**TASK INSTRUCTIONS**
Below are the records; print them again exactly and omit the pictures.
[EXERCISE DATA Boundary: Start]
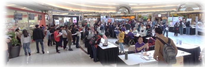
Spotlight on SIL job seeker at the job fair

for the businesses within the mall and surrounding community. The general public including RCD members and job seekers with disabilities currently enrolled in the Centre's employment project Supports for Independent Living (SIL), were invited to attend. A total of 20 businesses and organizations met in the kiosk area of the mall from 12 to 5 PM on Saturday, August 24, 2024. Over 130 people stopped by the RCD table with many signing up to volunteer. Up to 71 stopped by to learn about the Supports for Independent Living Project (SIL) with 7 people with disabilities indicating interest in the project's job seeking assistance, and 44 people completed surveys at the Event & Accessibility table.
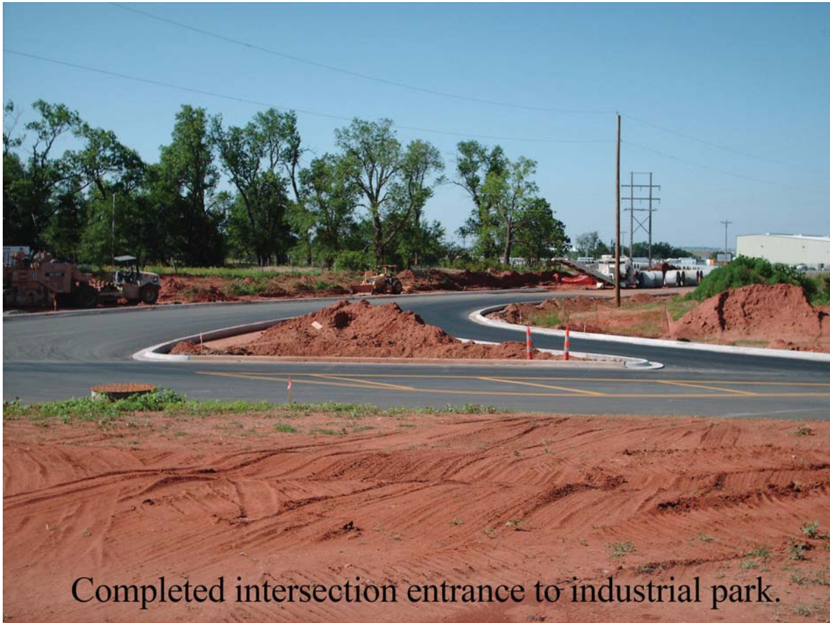
Completed intersection entrance to industrial park.
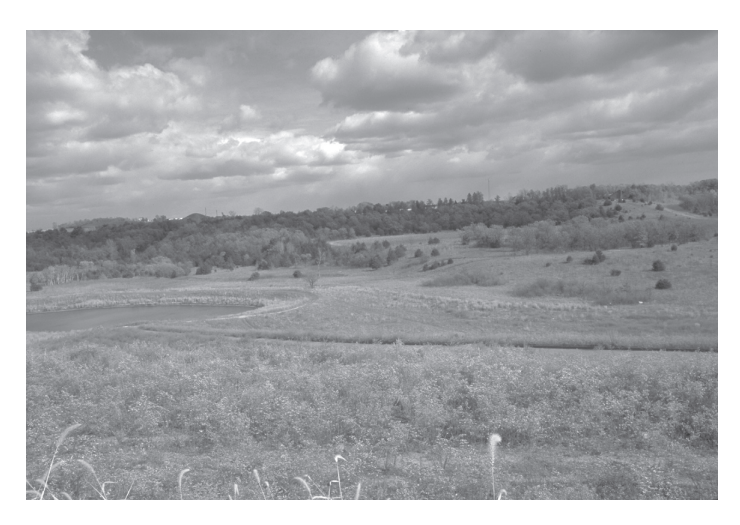
The "Sand Coulee" is one of those rare remaining natural places in Dakota County. A variety of native species and some rare plants reside there, and the landowners are working together to protect and restore this important site.

The American Society of Landscape Architects (ASLA) has awarded the Mississippi River Greenway Strategic Plan a national Merit Award in the Analysis & Planning category of the 2002 ASLA Professional Awards Program. Friends of the Mississippi River and the Hoisington Koegler Group Inc. organized this multi-jurisdictional effort, which developed a greenway plan and opportunity map for the Cities of Hastings and Rosemount and the Townships of Ravenna, Marshan and Nininger, all in Dakota County. The project is highlighted in the November issue of Landscape Architecture . Project partners included the local units of government listed (except Nininger Township), Dakota County, and the Metro Greenways Program of the Department of Natural Resources.
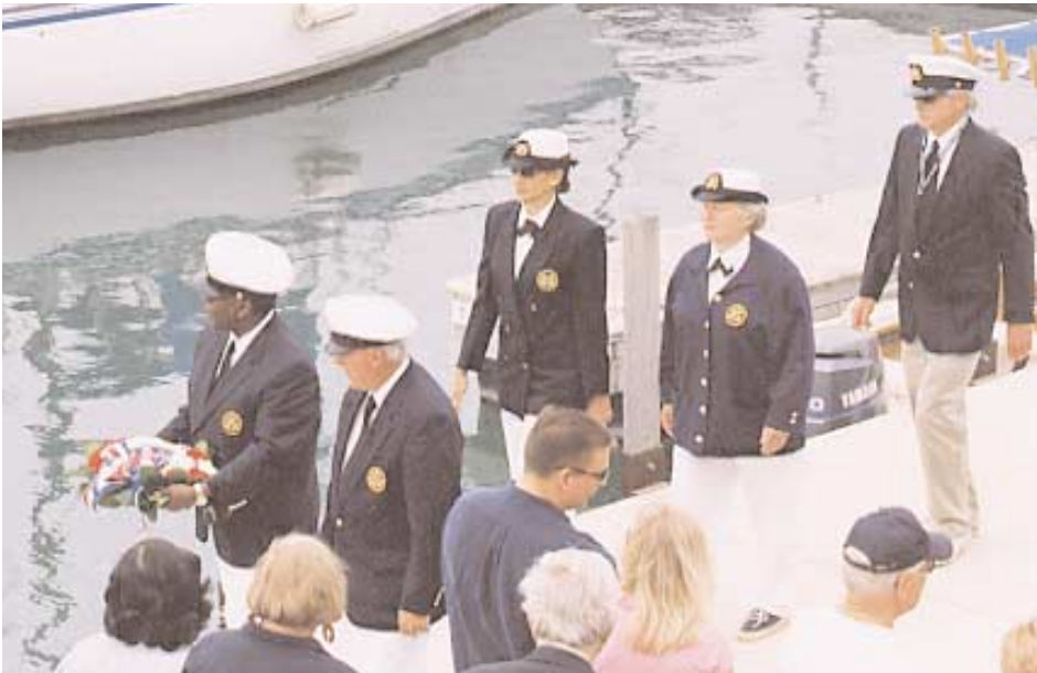
JPYC officers were called to place the Memorial Wreath in the water.
[EXERCISE DATA Boundary: End]
**RESPONSE TO THE TASK**
Spotlight on SIL job seeker at the job fair

for the businesses within the mall and surrounding community. The general public including RCD members and job seekers with disabilities currently enrolled in the Centre's employment project Supports for Independent Living (SIL), were invited to attend. A total of 20 businesses and organizations met in the kiosk area of the mall from 12 to 5 PM on Saturday, August 24, 2024. Over 130 people stopped by the RCD table with many signing up to volunteer. Up to 71 stopped by to learn about the Supports for Independent Living Project (SIL) with 7 people with disabilities indicating interest in the project's job seeking assistance, and 44 people completed surveys at the Event & Accessibility table.
Completed intersection entrance to industrial park.
The "Sand Coulee" is one of those rare remaining natural places in Dakota County. A variety of native species and some rare plants reside there, and the landowners are working together to protect and restore this important site.

The American Society of Landscape Architects (ASLA) has awarded the Mississippi River Greenway Strategic Plan a national Merit Award in the Analysis & Planning category of the 2002 ASLA Professional Awards Program. Friends of the Mississippi River and the Hoisington Koegler Group Inc. organized this multi-jurisdictional effort, which developed a greenway plan and opportunity map for the Cities of Hastings and Rosemount and the Townships of Ravenna, Marshan and Nininger, all in Dakota County. The project is highlighted in the November issue of Landscape Architecture . Project partners included the local units of government listed (except Nininger Township), Dakota County, and the Metro Greenways Program of the Department of Natural Resources.
JPYC officers were called to place the Memorial Wreath in the water.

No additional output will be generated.